Norway was shutting down 3G.


----------



## AEDennis (Apr 10, 2016)

Yes... You will need a new modem.

I spent $500 (so I guess prices went up) to go to LTE on our 2013 Model S... (and our Roadster didn't have Telematics without a third party effort (from TMC)) and now that can go to LTE.


----------



## GDN (Oct 30, 2017)

With any good luck our wifi standards don't really change as often and seem to be backward compatible much longer (have they ever sunset any of the wifi protocols?) and at least the car would still connect from home. Of course without cellular there is no streaming and other things, but hopeful that wifi would keep the car kicking for the most part.


----------



## PNWmisty (Aug 19, 2017)

SR22pilot said:


> To be blunt, the car does NOT have 5G hardware. Neither does the latest iPhone.

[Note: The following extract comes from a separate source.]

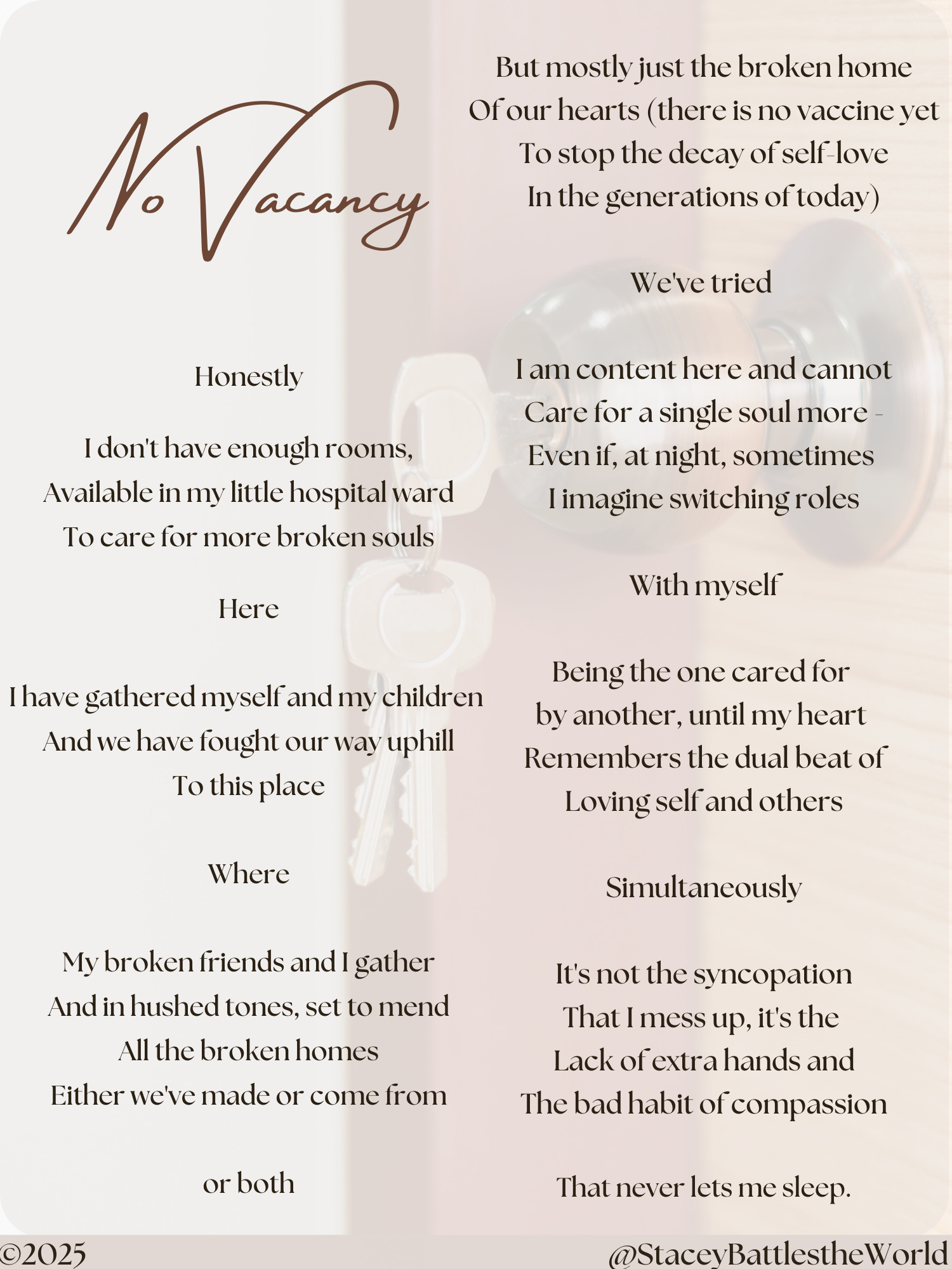 Honestly I don't have enough rooms, Available in my little hospital ward To care for more broken souls Here I have gathered myself and my children And we have fought our way uphill To this place Where My broken friends and I gather And in hushed tones, set to mend All the broken homes Either we've made or come from or both But mostly just the broken home Of our hearts (there is no vaccine yet To stop the decay of self-love In the generations of today) We've tried I am content here and cannot Care for a single soul more - Even if, at night, sometimes I imagine switching roles With myself Being the one cared for by another, until my heart Remembers the dual beat of Loving self and others Simultaneously It's not the syncopation That I mess up, it's the Lack of extra hands and The bad habit of compassion That never lets me sleep. © 2025 @StaceyBattlestheWorld

During the transition from 3G to 4G, iPhones were the last high end phones to get 4G. And once they got it, they had sub-par performance compared to any flagship Android (due to their use of inferior Intel modems). Some versions had Qualcomm modems which Apple crippled to insure they didn't perform any better than the Intel equipped models. You will notice the difference even at low data rates wherever reception is weak. And you will have larger areas of "No service".


----------



## SR22pilot (Aug 16, 2018)

PNWmisty said:


> During the transition from 3G to 4G, iPhones were the last high end phones to get 4G. And once they got it, they had sub-par performance compared to any flagship Android (due to their use of inferior Intel modems). Some versions had Qualcomm modems which Apple crippled to insure they didn't perform any better than the Intel equipped models. You will notice the difference even at low data rates wherever reception is weak. And you will have larger areas of "No service".


Agreed but what does that have to do with this discussion? I'll rephrase things. How many Android phones are 5G capable? My point is that the hardware is very new. I wouldn't expect it to be in a car for another year. Certainly I have zero expectation that it is in my new Model 3.


----------



## PNWmisty (Aug 19, 2017)

SR22pilot said:


> Agreed but what does that have to do with this discussion? I'll rephrase things. How many Android phones are 5G capable? My point is that the hardware is very new. I wouldn't expect it to be in a car for another year. Certainly I have zero expectation that it is in my new Model 3.


No Android phones will be 5G capable until June. iPhones are not expected to be 5G capable until the following year. Cars will be even further behind.


----------



## SR22pilot (Aug 16, 2018)

PNWmisty said:


> No Android phones will be 5G capable until June. iPhones are not expected to be 5G capable until the following year. Cars will be even further behind.


That was really my point. The original question as whether the car has 5G now. Someone said yes. I said NO. Furthermore, the hardware isn't capable of 5G. It would require a 5G hardware upgrade.


----------



## Diamond.g (Jun 26, 2017)

PNWmisty said:


> During the transition from 3G to 4G, iPhones were the last high end phones to get 4G. And once they got it, they had sub-par performance compared to any flagship Android (due to their use of inferior Intel modems). Some versions had Qualcomm modems which Apple crippled to insure they didn't perform any better than the Intel equipped models. You will notice the difference even at low data rates wherever reception is weak. And you will have larger areas of "No service".


Apple had 4G since the iPhone 5. They didn't start using Intel modems until the iPhone 7.


----------



## PNWmisty (Aug 19, 2017)

Diamond.g said:


> Apple had 4G since the iPhone 5. They didn't start using Intel modems until the iPhone 7.


True, Apple was more than 2 years behind Verizon/Android with 4G handsets. And they were inferior in radio performance. The bottleneck might not have been the modem, the integration is pretty complex.


----------



## Diamond.g (Jun 26, 2017)

PNWmisty said:


> True, Apple was more than 2 years behind Verizon/Android with 4G handsets. And they were inferior in radio performance. The bottleneck might not have been the modem, the integration is pretty complex.


IIRC antenna placement has been their problem until they started using glass backed devices again. Which isn't immediately obvious due to the modem gimping in said glass backed devices.

I would expect 5G in the cars in 2 to 3 years at the earliest. The providers are rolling it out slowly to major markets, and our spat with huawei isn't helping speed the equipment rollout.


----------